We had a pool with (you guessed it, a giant sun deck.. because my Dad never did anything in a small proportion). We loved that pool. I still remember dancing around in the pool singing Beach Boys music (“Surfin’ Safari”) and splashing with wild abandon.
I remember celebrating the “centennial” year (1976) in that house. I was eight years old at the time, and I remember being a girl scout. My Mom was the “cookie” mother, and that year we had cases and cases of girl scout cookies that took up the entire living room. I think that’s where my love of Thin Mints started. lol.
Back then, thunder storms used to scare the heck out of me. I remember, vividly, watching the Donny and Marie (Osmond) show during a really bad storm and praying the thunder would stop before the show ended. My bedtime was 9pm, and there was no way I was going upstairs until the storm ended. Let me tell you how good my memory was… Tony Orlando and Dawn sang “Tie a Yellow Ribbon” as a guest on that episode.
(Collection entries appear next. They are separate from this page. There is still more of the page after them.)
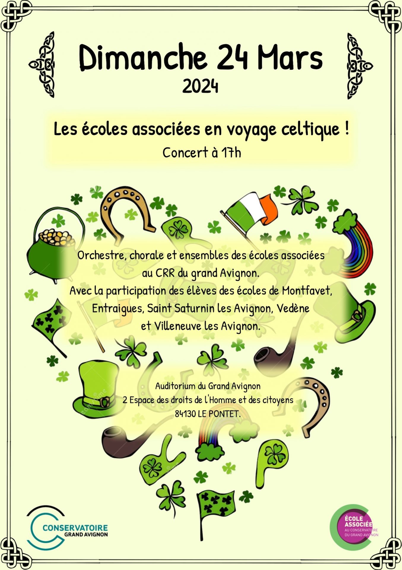 Auditorium du Grand Avignon 2 Esp des Droits de l'Homme et des Citoyens, Site du Château de Fargues, Le Pontet, FranceSamedi 7 mai 2022 Auditorium du Grand Avignon - Le Pontet, 16h00 Concert gourmand "Musique et Mi'gnardises", proposé par Aurélie Taillé - professeur de flûte traversière au conservatoire (entrée libre sur réservation au 04.32.40.46.50) Un projet réunissant l’École Hôtelière et les élèves des classes de flûtes du Conservatoire du Grand Avignon et de Bollène, faisant [...]
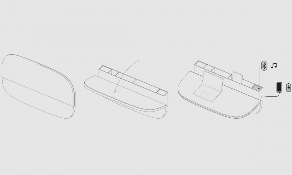 Hai esigenze particolari, dimensioni, finiture, quantità, trasporto, ecc…?Dune è uno scrittoio pieghevole, disponibile con presa usb per ricaricare device e sistema audio.
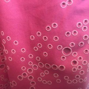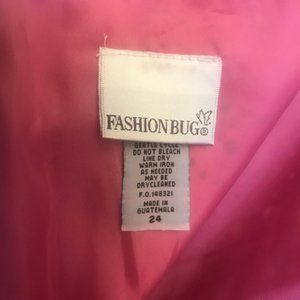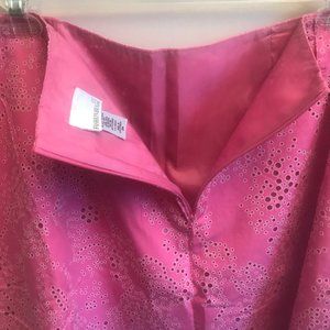 This Fashion Bug skirt is pink with an eyelet floral pattern. It is fully lined. The shell is 100% cotton and the lining is 100% polyester. Zips at the center back. New with tags. Approximate measurements (laying flat, unstretched) are:
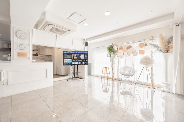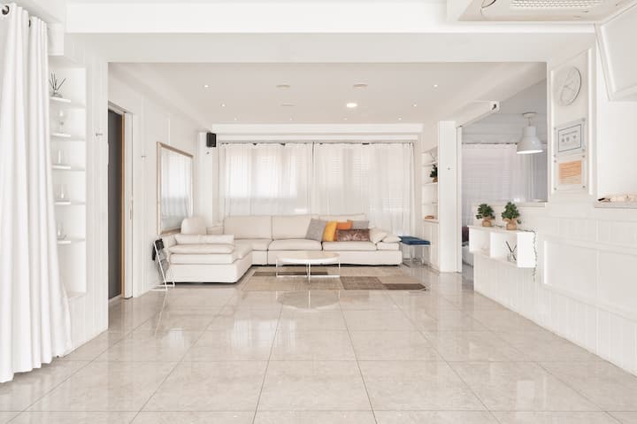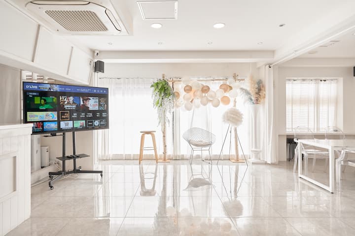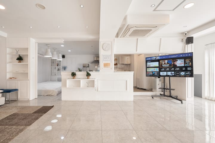 White Hongdae Station à 5 minutes à pied du centre-ville Location de chambre Studio blanc de 30 pyeong pour groupe ! Grande télévision Netflix, Youtube
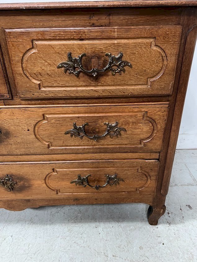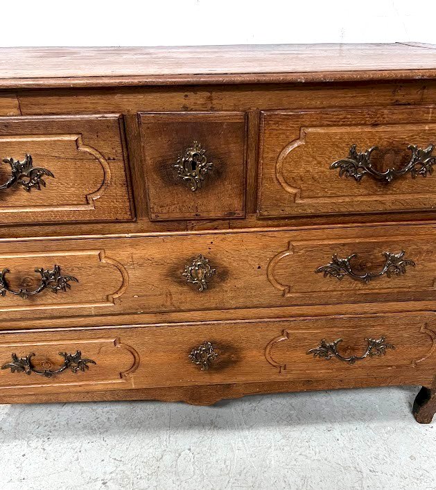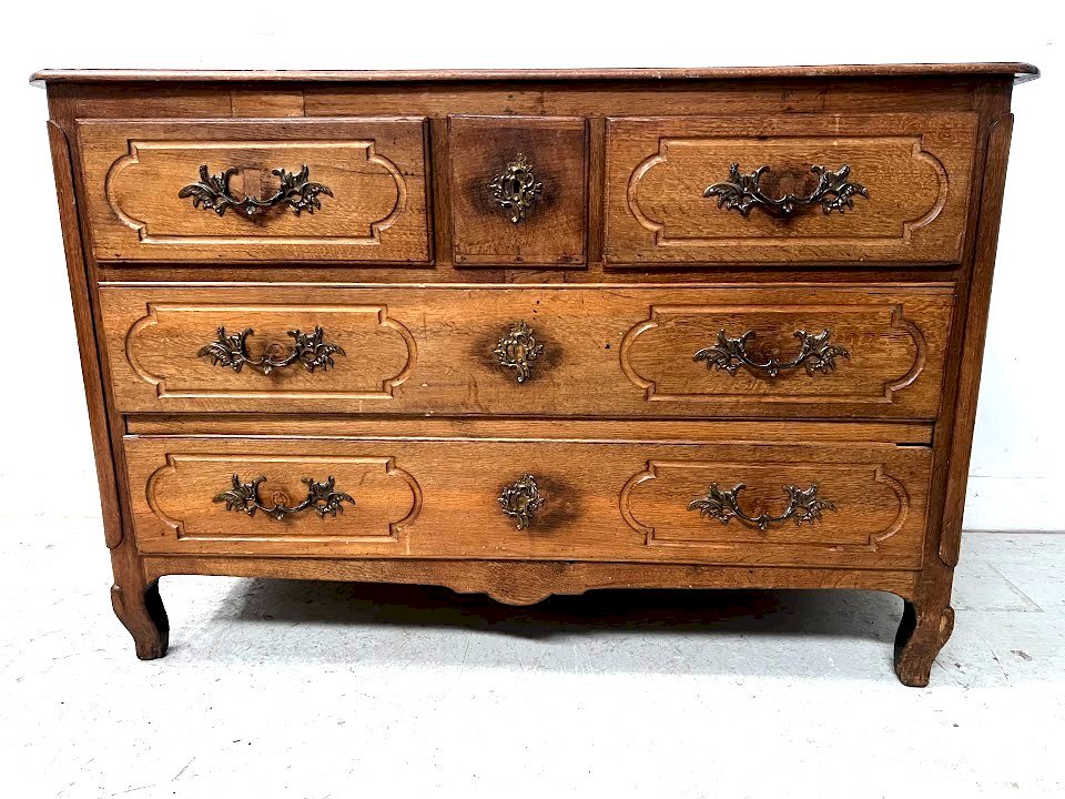 Commode Louis XV en chêne massif du XVIII siècle Montants de façade en arrondis a pieds cambrés Cinq tiroirs en façade dont trois au premier rang Poignées et entrées de serrures en bronze ciselé Bon état général Restauration d'usage Dimension H 85 x L 128 x 63 cm Epoque XVIII siècle Couleur:Marron Type:Commode, Chiffonnier Période:XIXème et avant Pays d'origine:Italie Sous-type:Plus de 3 tiroirs Hauteur:85 Matière:Chêne Style:Louis XV, Néoclassique Longueur:128 Largeur:63

Our driveway was lined with forsythia bushes that were this vibrant yellow in the Spring. I used to count my steps down the driveway from the door to the mailbox. There were lilac trees as well, and to this day when I smell lilac it reminds me of my “blue” house.
6 years after we moved into the “blue” house, my Dad bought another piece of land around the corner (8 acres, this time.. so he could have his business on the same property) and he built his and my Mom’s “dream house”, the house they still live in today.
Oddly, although most of my childhood was spent in that house, I still like the “blue” one best. Today, my husband and I live about 3 miles away from my favorite house. We pass it each time we visit my in-laws. It’s not blue anymore, and the years have worn away the perfection my Dad accomplished in 1975, but I still think of the many memories we made there.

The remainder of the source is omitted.